A new article entitled “The Open-Access European Prevention of Alzheimer’s Dementia (EPAD) MRI dataset and processing workflow” has recently been published in the journal NeuroImage: Clinical. In this article, authors show an overview of the MRI image processing and QC pipeline for the open-access EPAD study. The introduced procedures and results may serve as a reference point for future developments and promote replicability and stability of results on the EPAD cohort. Authors anticipate that this work will help both imaging and non-imaging researchers working on EPAD for an easier understanding and use of the shared data.
Congratulations to Luigi Lorenzini and all co-authors, Silvia Ingala, Alle Meije Wink, Joost P.A. Kuijer, Viktor Wottschel, Mathijs Dijsselhof, Carole H. Sudre, Sven Haller, Jose Luis Molinuevo
Juan Domingo Gispert, David M. Cash, David L. Thomas, Sjoerd B. Vos, Ferran Prados, Jan Petr, Robin Wolz, Alessandro Palombit, Adam J. Schwarz Gael Chetelat, Pierre Payoux, Carol Di Perri, Joanna M. Wardlaw, Giovanni B. Frisoni, Christopher Foley, Nick C. Fox, Craig Ritchie, Cyril Pernet, Adam Waldman, Frederik Barkhof, Henk J.M.M. Mutsaerts!
You can read the paper here.
The European Prevention of Alzheimer Dementia (EPAD) is a multi-center study that aims to characterize the preclinical and prodromal stages of Alzheimer’s Disease. The EPAD imaging dataset includes core (3D T1w, 3D FLAIR) and advanced (ASL, diffusion MRI, and resting-state fMRI) MRI sequences.

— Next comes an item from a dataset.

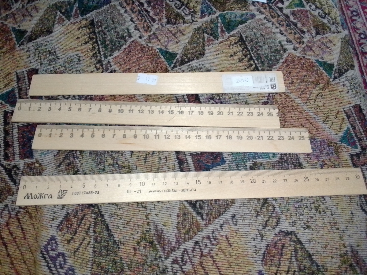 Линейка деревянная 25 см, МОЖГА, 3 штуки

Here, we give an overview of the semi-automatic multimodal and multisite pipeline that we developed to curate, preprocess, quality control (QC), and compute image-derived phenotypes (IDPs) from the EPAD MRI dataset. This pipeline harmonizes DICOM data structure across sites and performs standardized MRI preprocessing steps. A semi-automated MRI QC procedure was implemented to visualize and flag MRI images next to site-specific distributions of QC features — i.e. metrics that represent image quality. The value of each of these QC features was evaluated through comparison with visual assessment and step-wise parameter selection based on logistic regression. IDPs were computed from 5 different MRI modalities and their sanity and potential clinical relevance were ascertained by assessing their relationship with biological markers of aging and dementia.

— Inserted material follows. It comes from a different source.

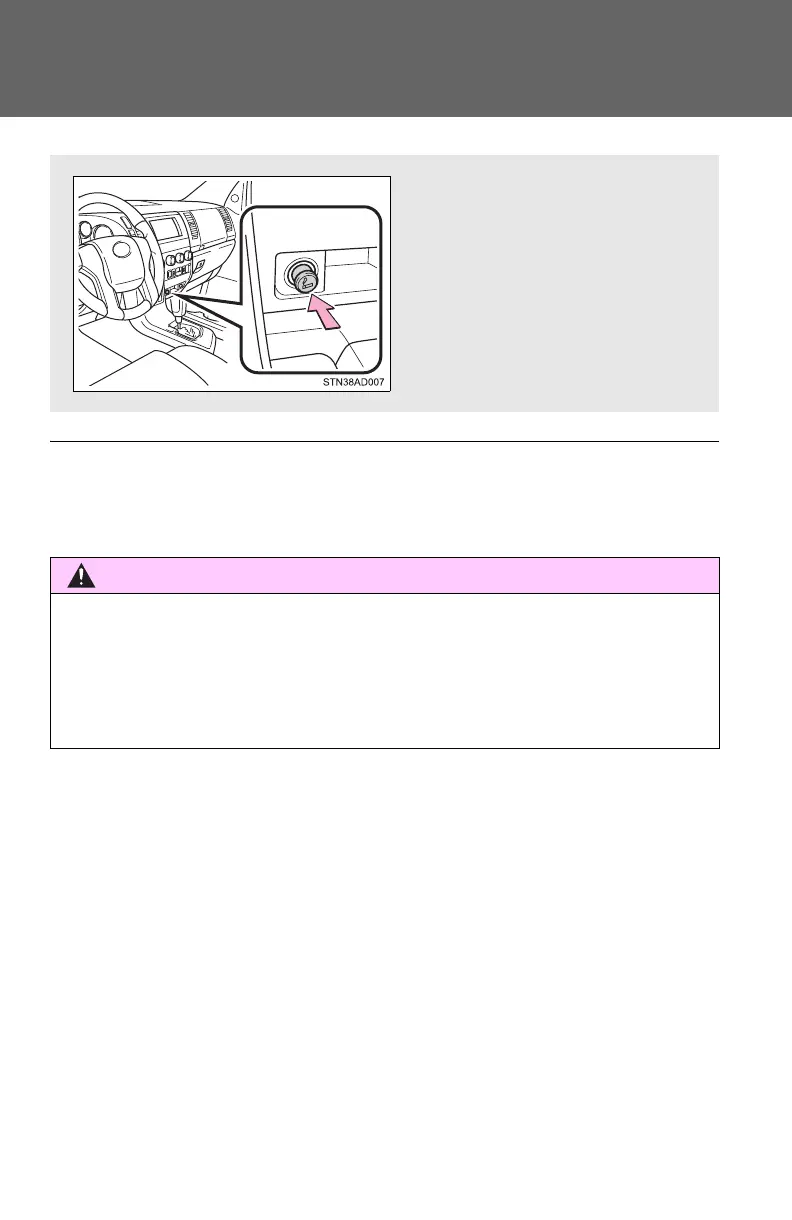 ● Do not hold the cigarette lighter down. It could overheat and cause a fire.

The EPAD v1500.0 data release encompassed core structural scans from 1356 participants 842 fMRI, 831 dMRI, and 858 ASL scans. From 1356 3D T1w images, we identified 17 images with poor quality and 61 with moderate quality. Five QC features — Signal to Noise Ratio (SNR), Contrast to Noise Ratio (CNR), Coefficient of Joint Variation (CJV), Foreground-Background energy Ratio (FBER), and Image Quality Rate (IQR) — were selected as the most informative on image quality by comparison with visual assessment. The multimodal IDPs showed greater impairment in associations with age and dementia biomarkers, demonstrating the potential of the dataset for future clinical analyses.